About this task –
In the listing that follows, give every line again exactly and omit the pictures.
┌──
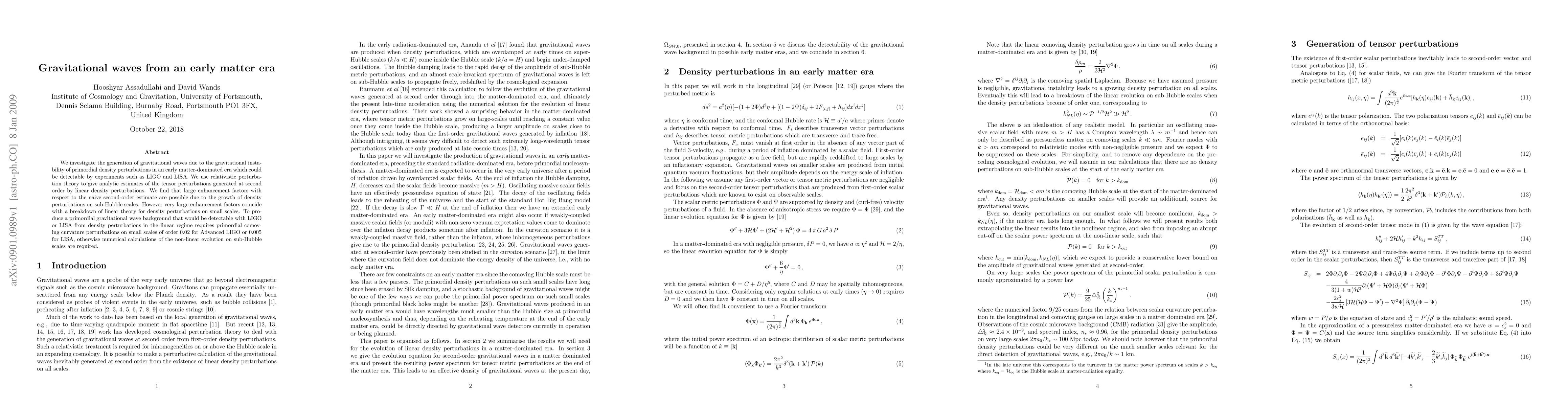 Gravitational waves from early matter era are estimated using relativistic perturbation theory, with large enhancement factors possible due to sub-Hubble scale growth of density perturbations. Detectability requires primordial curvature perturbations on small scales.
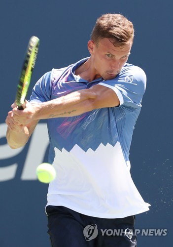 Marton Fucsovics of Hungary hits a return to Nikoloz Basilashvili of Georgia during their match on the first day of the US Open Tennis Championships the USTA National Tennis Center in Flushing Meadows, New York, USA, 26 August 2019. The US Open runs from 26 August through 08 September. EPA/DANIEL MURPHY
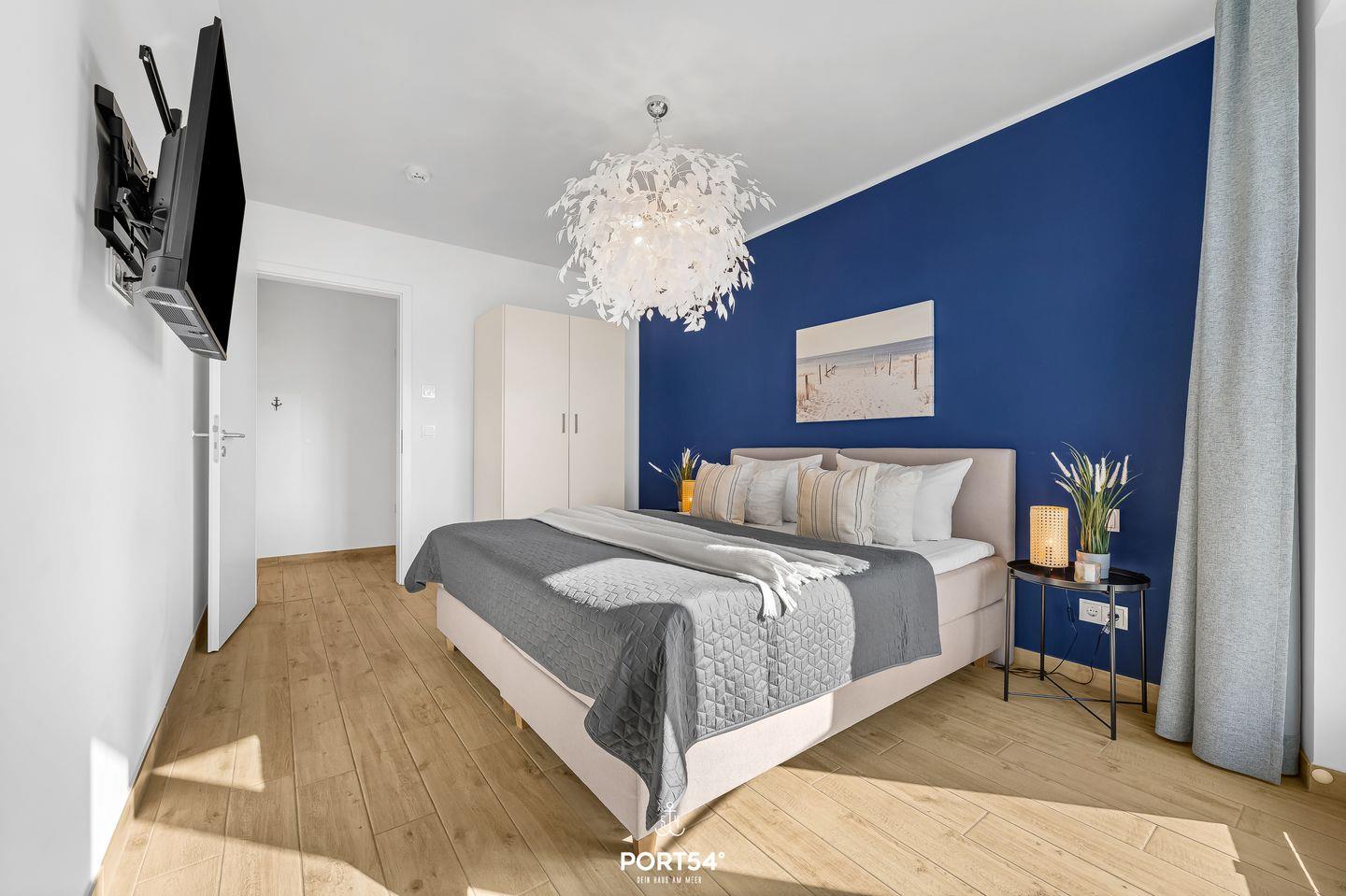 Die Unterkunft verfügt über zwei Schlafzimmer. Ein Schlafzimmer ist mit einem Doppel-Boxspringbett (180 × 200 cm) ausgestattet, das zweite mit zwei Einzel-Boxspringbetten (90 × 200 cm), die ebenfalls als Doppelbett gestellt sind. Beide Schlafzimmer bieten Dir jeweils einen Kleiderschrank, Fliegengitter, Verdunkelungsmöglichkeiten sowie einen Smart-TV für erholsame Nächte.
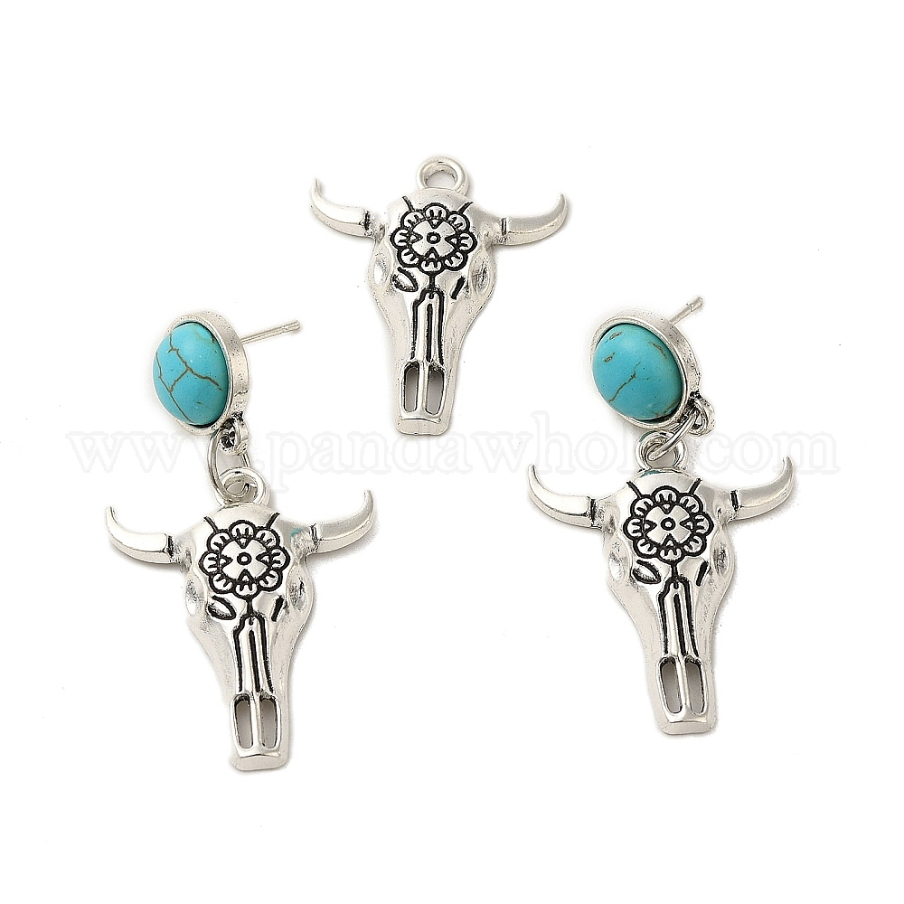 Наборы серег-гвоздиков с подвесками из синтетической бирюзы и сплава крупного рогатого скота, 316 украшения из стальной иглы для женщин
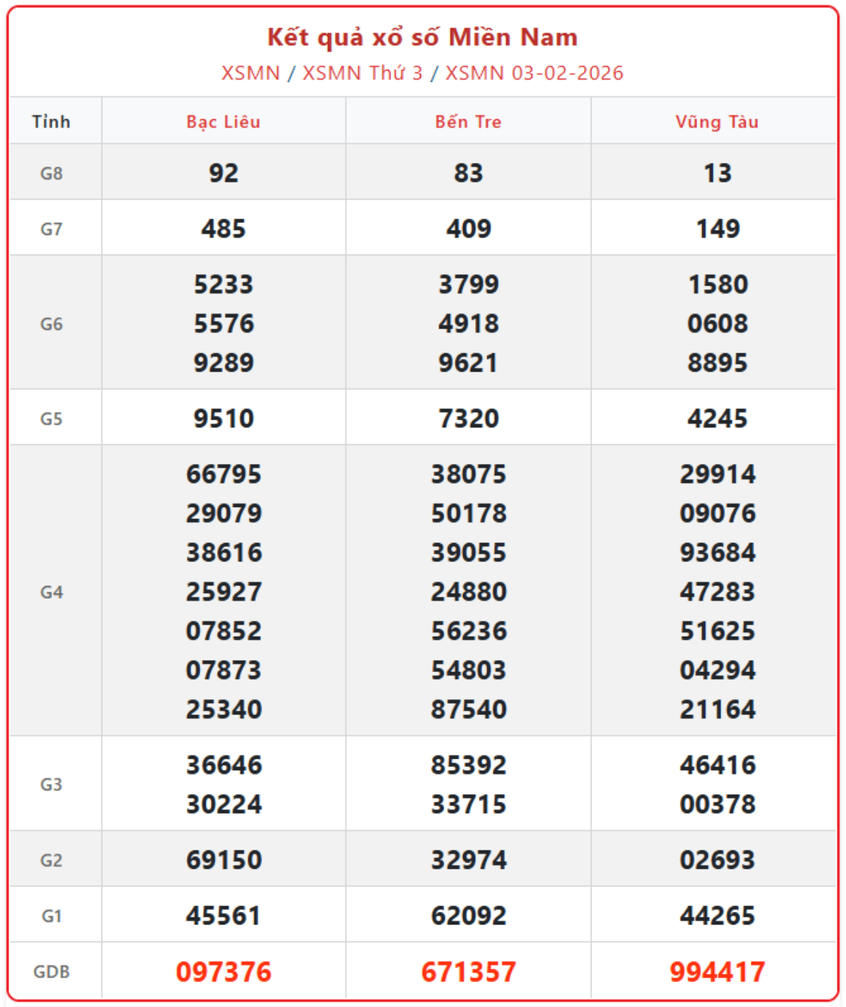 - Thứ Ba: Kết quả xổ số miền Nam do các đài Bạc Liêu (XSBL), Vũng Tàu (XSVT) và Bến Tre (XSBTR) công bố.
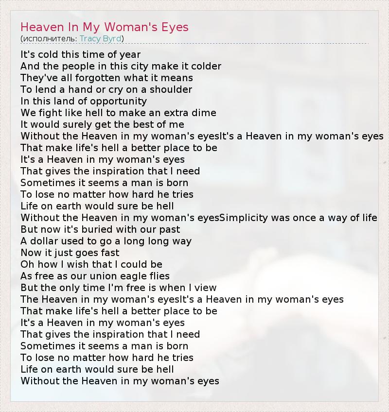 Without the Heaven in my woman's eyesIt's a Heaven in my woman's eyes
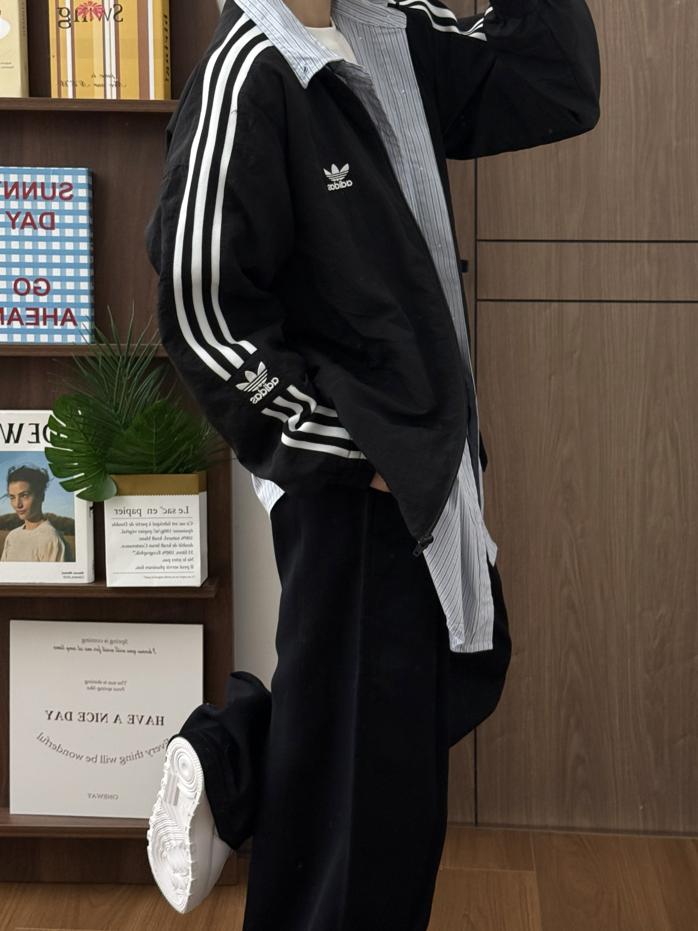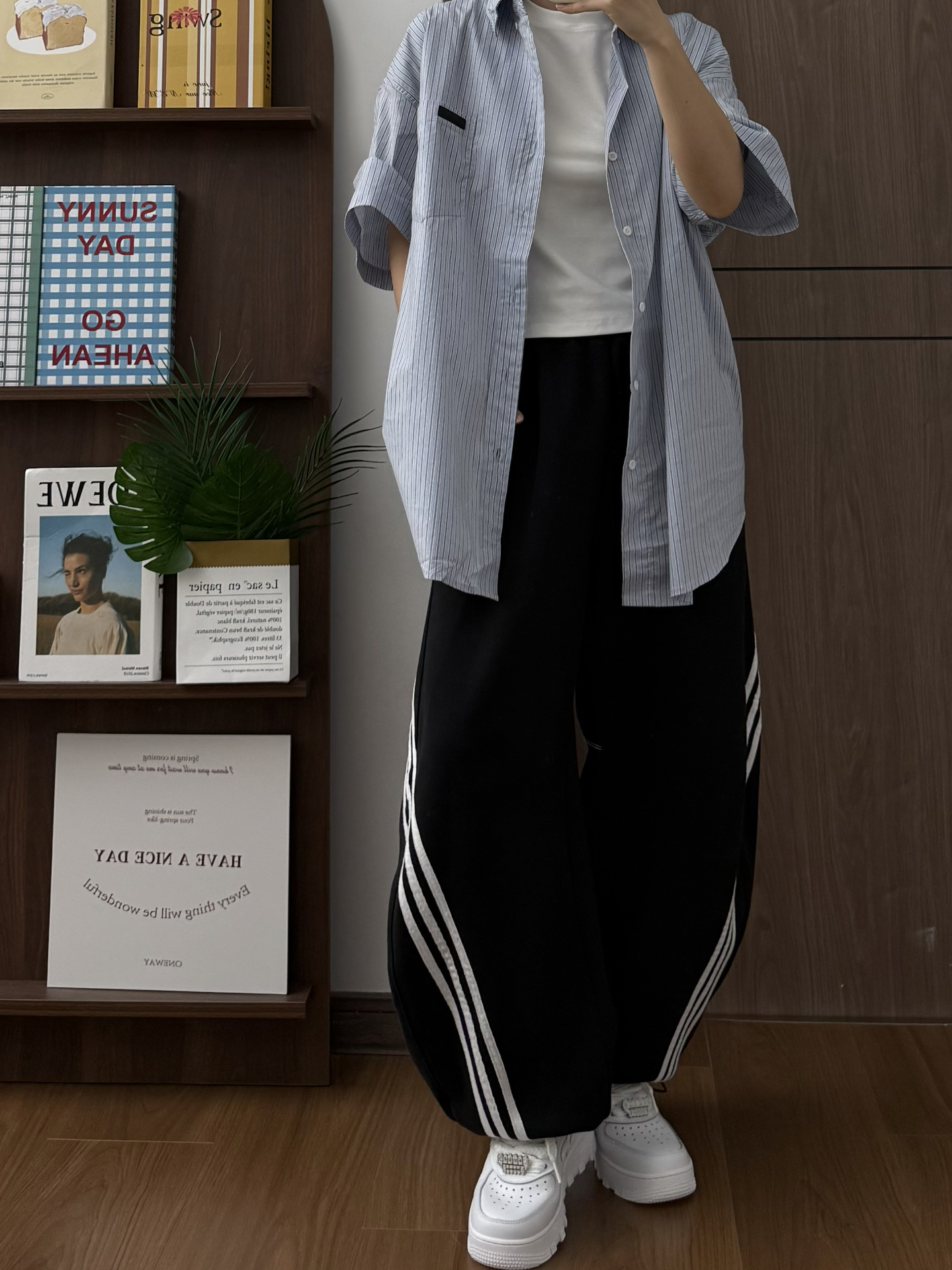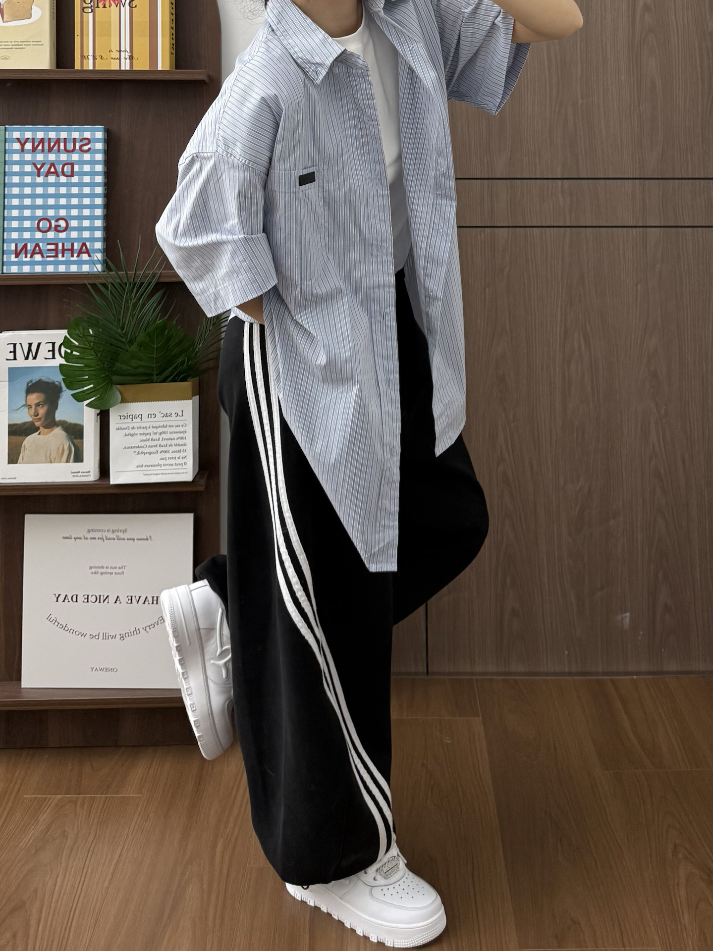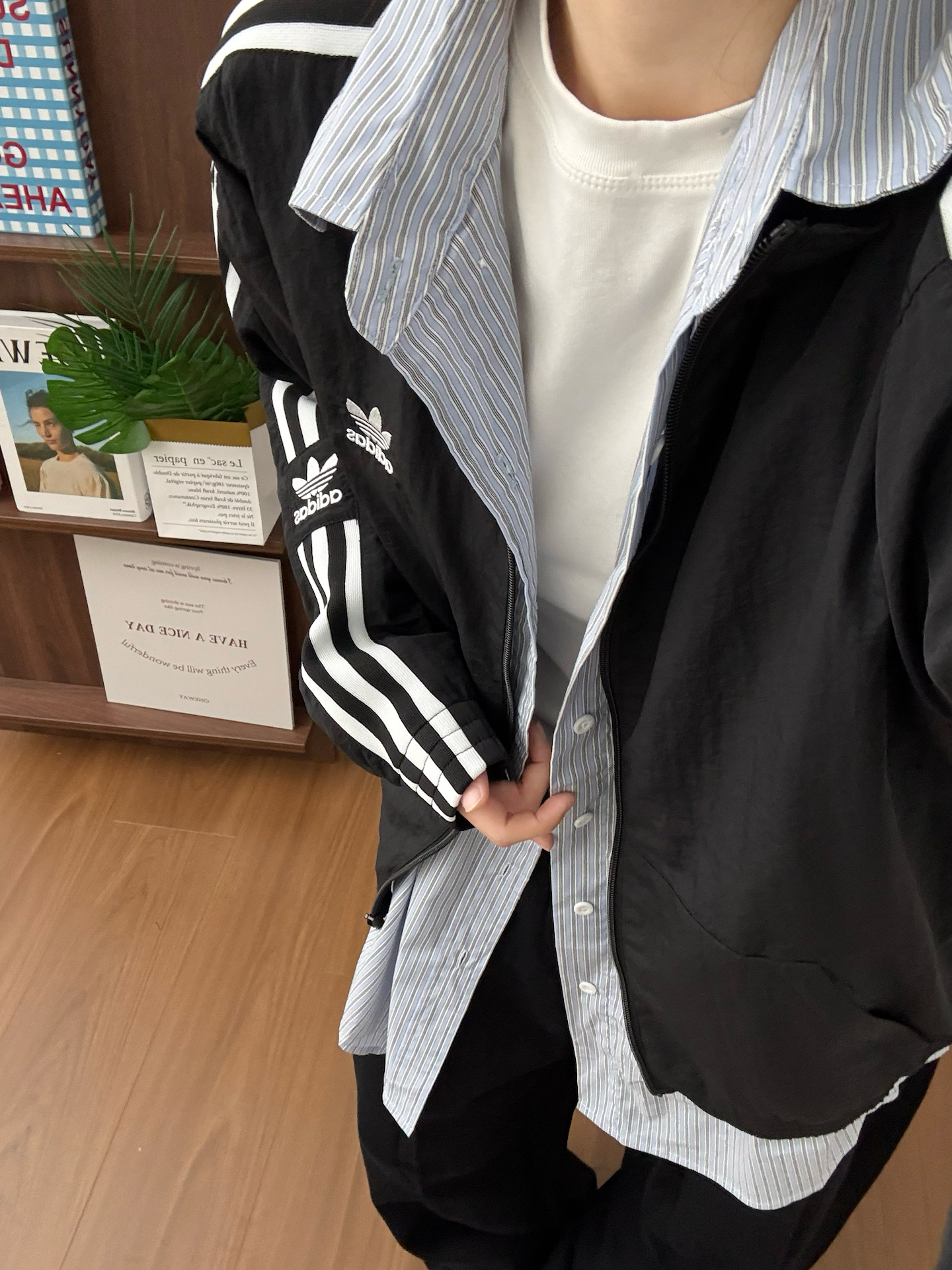 黑白阿迪+蓝白衬衫+黑色西装裤 一整个韩系松弛感 好喜欢今天一套Look 面料都是很亲肤的那种 本人160/49 穿m码感觉正好
└──
Result of the task –
 Gravitational waves from early matter era are estimated using relativistic perturbation theory, with large enhancement factors possible due to sub-Hubble scale growth of density perturbations. Detectability requires primordial curvature perturbations on small scales.
 Marton Fucsovics of Hungary hits a return to Nikoloz Basilashvili of Georgia during their match on the first day of the US Open Tennis Championships the USTA National Tennis Center in Flushing Meadows, New York, USA, 26 August 2019. The US Open runs from 26 August through 08 September. EPA/DANIEL MURPHY
 Die Unterkunft verfügt über zwei Schlafzimmer. Ein Schlafzimmer ist mit einem Doppel-Boxspringbett (180 × 200 cm) ausgestattet, das zweite mit zwei Einzel-Boxspringbetten (90 × 200 cm), die ebenfalls als Doppelbett gestellt sind. Beide Schlafzimmer bieten Dir jeweils einen Kleiderschrank, Fliegengitter, Verdunkelungsmöglichkeiten sowie einen Smart-TV für erholsame Nächte.
 Наборы серег-гвоздиков с подвесками из синтетической бирюзы и сплава крупного рогатого скота, 316 украшения из стальной иглы для женщин
 - Thứ Ba: Kết quả xổ số miền Nam do các đài Bạc Liêu (XSBL), Vũng Tàu (XSVT) và Bến Tre (XSBTR) công bố.
 Without the Heaven in my woman's eyesIt's a Heaven in my woman's eyes
 黑白阿迪+蓝白衬衫+黑色西装裤 一整个韩系松弛感 好喜欢今天一套Look 面料都是很亲肤的那种 本人160/49 穿m码感觉正好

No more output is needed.